Every year, about 2,170 Australians receive a diagnosis that sounds like a death sentence: idiopathic pulmonary fibrosis, a disease that fills the lungs with scar tissue until breathing becomes impossible. Most patients survive only two to five years after diagnosis, and until now, doctors had only two drugs to offer—neither of which could heal the damage.
But researchers at two Australian universities may have cleared a path toward an actual cure.
A team from the University of Technology Sydney and Monash University has discovered a protein called vitronectin that appears to trigger the scarring process in the lungs of people with this disease. The findings, published in the journal Science Advances, could open the door to treatments that actually reverse the damage instead of just slowing it down.
"In pulmonary fibrosis, the normal wound-healing process in the body goes wrong," said Associate Professor Gang Liu from UTS's School of Life Sciences. "Instead of repairing damaged tissue, it starts to produce scar tissue in the lungs."
The researchers found that immune cells called macrophages—whose job is normally to help repair injured tissue—can get reprogrammed to produce scarring instead. These macrophages were studied in a special 3D environment that mimics what happens inside a human lung, which is a big deal because scientists have struggled to study this process accurately before.
"We normally think of vitronectin as a structural protein that maintains the integrity of organs like the lungs," said Associate Professor Katrina Binger from Monash University's Department of Biochemistry and Molecular Biology. "But we found it can also act as a signal. Vitronectin changes how macrophages produce energy, and this drives them to a heightened fibrotic state."
The 3D culture results matched what the researchers saw in animal studies and in tissue samples taken directly from IPF patients, which gives them confidence the discovery is real and relevant to human disease.

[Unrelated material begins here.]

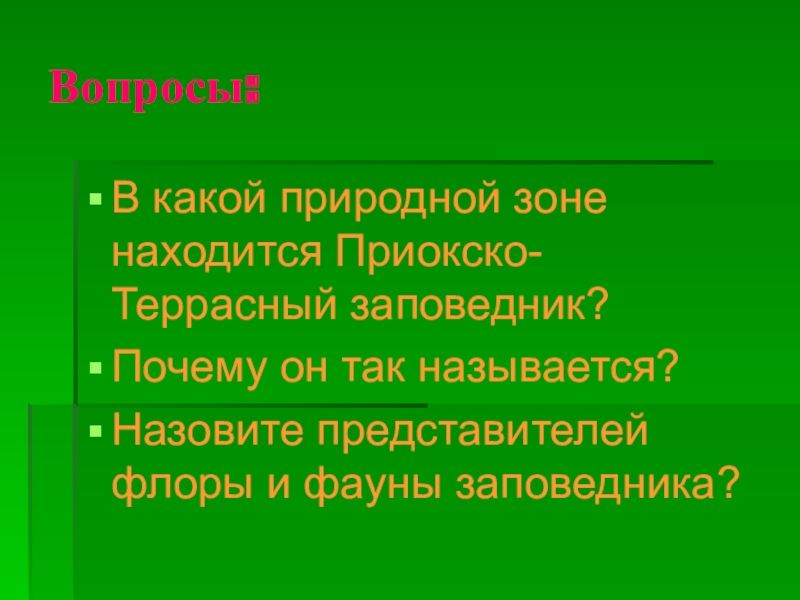 Вопросы:В какой природной зоне находится Приокско-Террасный заповедник?Почему он так называется?Назовите представителей флоры и фауны заповедника?
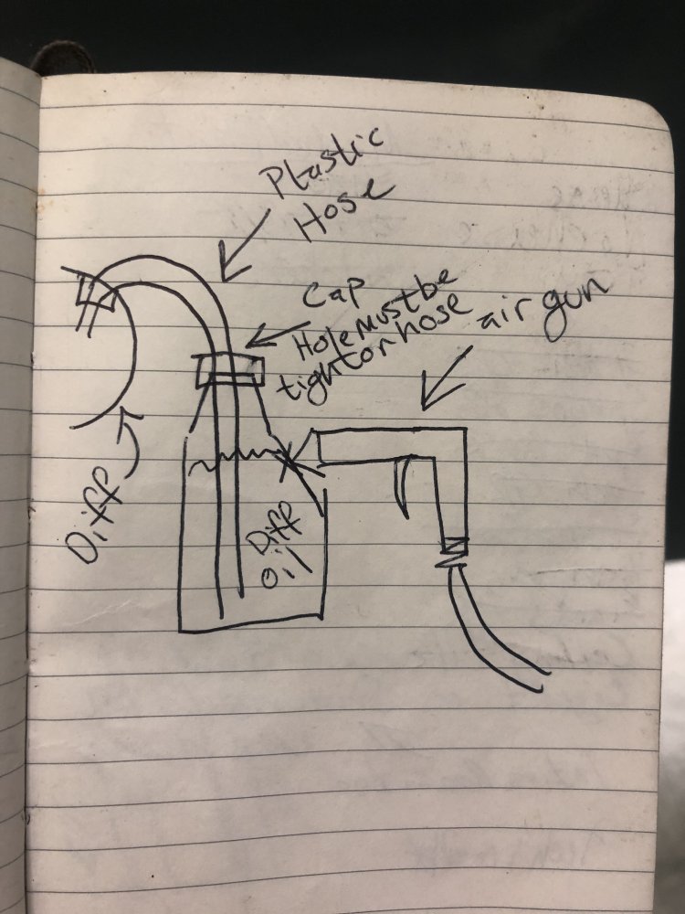 This is one of many things I think should have had a better tool/way to do. Quart bottles make a mess. The transfer pumps are too slow. The pumps that go in the top of the bottles make the least mess, but are slow. They used to come with the gallon jugs of Sta-Lube, but not anymore. Walmart used to sell them, as did the auto parts stores. I couldn't find one and all the places to order online would take two weeks for it to arrive. Another thing I think should have been improved given the safety issues are jack stands. My driveway has a slight slope. If I put the rear up on jack stands the truck will roll and tip the jack stands over. Wheel chocks don't always work as they can slide. The problem is the small foot print the jack stands have. I think the 3-ton have about a 7" foot print and the 6 ton are about 9-10". I have to roll the floor jack in from the side and lift up on the frame to keep it from rolling. I'm seriously thinking about drilling some holes in the driveway and dropping large nails through a large piece of lumber into the concrete to keep the truck from rolling. Anyway, I looked and there is nothing that isn't expensive to keep a vehicle jacked up securely.

Now, the team is working to identify drugs that can block vitronectin and stop the scarring before it starts. "Understanding this mechanism is critical to identifying new therapeutic agents for patients with fibrosis," Liu said. "Now we can work to identify new drugs that can most effectively inhibit vitronectin so we can translate this research into clinical practice and help find a new cure for this debilitating disease."
For the hundreds of thousands of people worldwide living with this disease, the discovery offers something rare: real hope that better treatments—and maybe even a cure—could be coming.